Uwezo Equipment Ltd. assembles precision irrigation systems. The firm’s customer contracts require high service
reliability, but the company experiences fluctuating demand driven by seasonal farming patterns and project-based
procurement.
A critical component is imported, and supplier lead times are affected by shipping delays. Management is reviewing
its ordering policy in order to minimise total relevant inventory cost while maintaining the required service level.
A supplier has proposed a quantity discount, although accepting the discount would result in larger average
inventories.
Assume that:
• Annual demand is known and constant for Economic Order Quantity (EOQ) purposes.
• Lead time is constant at four weeks.
• Demand during lead time is normally distributed.
• Safety stock is held only to achieve the required cycle-service level.
Additional information:
1. Annual demand is 80,000 units.
2. Ordering cost is Sh.4,000 per order.
3. Annual holding cost is Sh.180 per unit.
4. Purchase price is Sh.2,000 per unit.
5. A supplier offers a 5% discount for orders of 6,000 units or more.
6. Weekly demand standard deviation is 150 units.
7. Lead time is 4 weeks.
8. Desired service level is 97% (Z = 1.88).
9. There are 50 working weeks per year.
Required:
(i) Compute the economic order quantity (EOQ).
(ii) Calculate the total annual relevant cost under the EOQ policy and under the discount policy based on an order
quantity of 6,000 units.

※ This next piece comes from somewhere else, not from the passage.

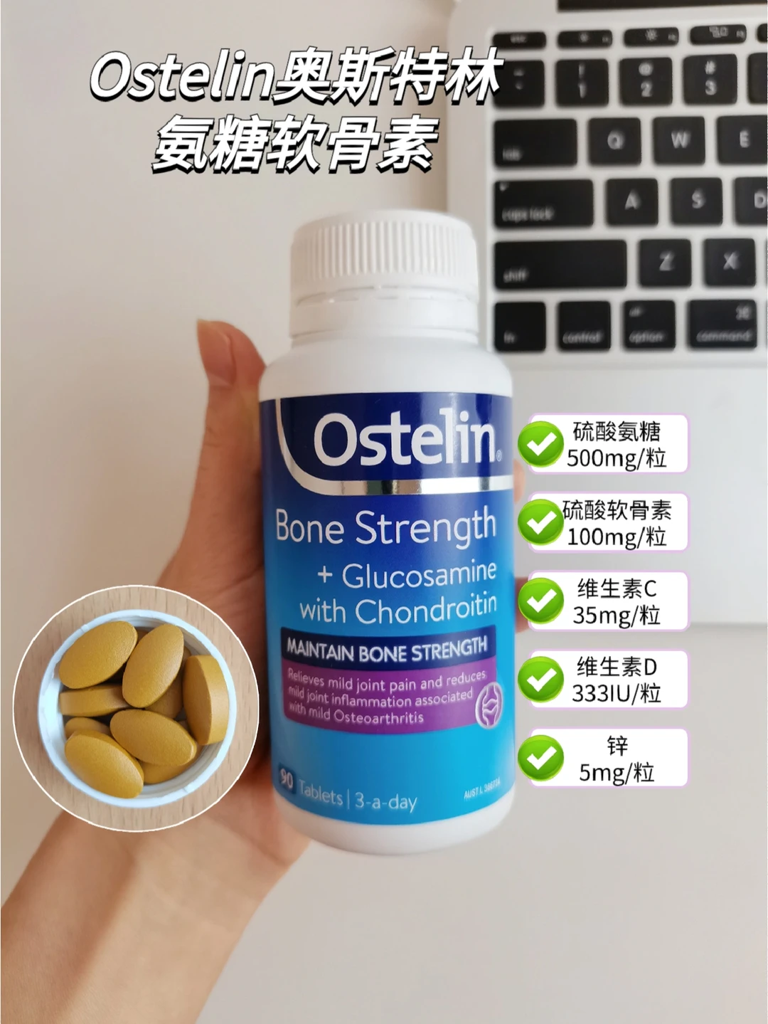 Ostelin奥斯特林是知名药企赛诺菲集团旗下的品牌,拥有99年专门研究分龄骨骼健康的历史,还拥有TGA+GMP的双重认证👍。我还入手同品牌氨糖软骨素,因为老公之前是运动员,关节有磨损,站久了就会膝盖不舒服,它每一粒含有500mg氨糖和100mg硫酸软骨素,可以减少关节之间的相互摩擦。还额外添加了5mg 锌、35mg VC和333mg VD3,很适合搭配钙片进行日常补充。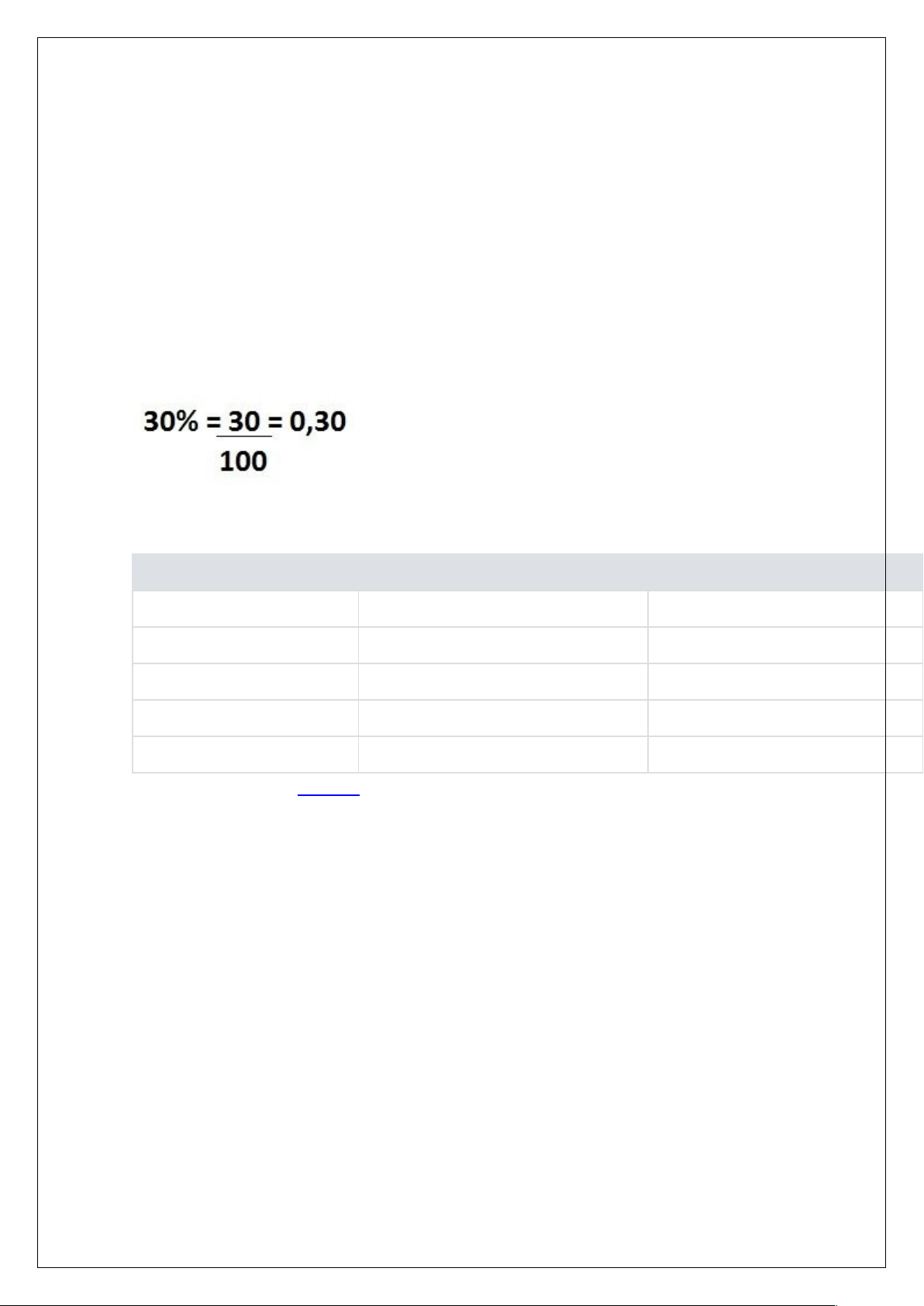 Porcentagem A Porcentagem ou Percentagem representa uma razão cujo denominador é igual a 100 e indica uma comparação de uma parte com o todo. O símbolo % é usado para designar a porcentagem. Um valor em porcentagem, pode ainda ser expresso na forma de fração centesimal (denominador igual a 100) ou como um número decimal. Exemplo: Para facilitar o entendimento, veja a tabela abaixo: Porcentagem Razão Centesimal Número Decimal 1% 1/100 0,01 5% 5/100 0,05 10% 10/100 0,1 120% 120/100 1,2 250% 250/100 2,5 Saiba mais sobre as Frações. Como Calcular a Porcentagem? Podemos utilizar diversas formas para calcular a porcentagem. Abaixo apresentamos três formas distintas: · regra de três · transformação da porcentagem em fração com denominador igual a 100 · transformação da porcentagem em número decimal Devemos escolher a forma mais adequada conforme o problema que queremos resolver. Exemplo 1: Calcule 30% de 90 Para usar a regra de três no problema, vamos considerar que 90 corresponde ao todo, ou seja, 100%. O valor que queremos encontrar chamaremos x. A regra de três será expressa como: Para resolver usando frações, primeiro temos que transformar a porcentagem em uma fração com denominador igual a 100: Podemos ainda transformar a porcentagem em número decimal: 30% = 0,3 0,3 . 90 = 27 O resultado é o mesmo nas três formas, ou seja, 30% de 90 corresponde a 27. Exemplo 2: 90 corresponde a 30% de qual valor? Note que nesse exemplo, já conhecemos o resultado da porcentagem e queremos conhecer o valor que corresponde ao todo (100%). Usando a regra de três, temos: Podemos ainda resolver o problema transformando a porcentagem em número decimal: 30% = 0,3 Então é só resolver a seguinte equação: Assim, 30% de 300 é igual a 90. 3) 90 corresponde a quanto por cento de 360? Podemos resolver esse problema escrevendo na forma de fração: Ou ainda, podemos resolver usando regra de três: Desta forma, 90 corresponde a 25% de 360. image5.jpeg image6.png image7.png image8.png image9.jpeg image10.png image1.jpeg image2.jpeg image3.png image4.png

In each case, include annual purchase cost, annual ordering cost and annual holding
cost. Hence, advise management on whether the quantity discount should be accepted.
(iii) Using the standard deviation of demand during lead time derived from the weekly demand variability given
above, compute the safety stock and the re-order level required to achieve the stated service level.
(iv) Explain ONE limitation of applying the EOQ and service level-based safety stock model in this context.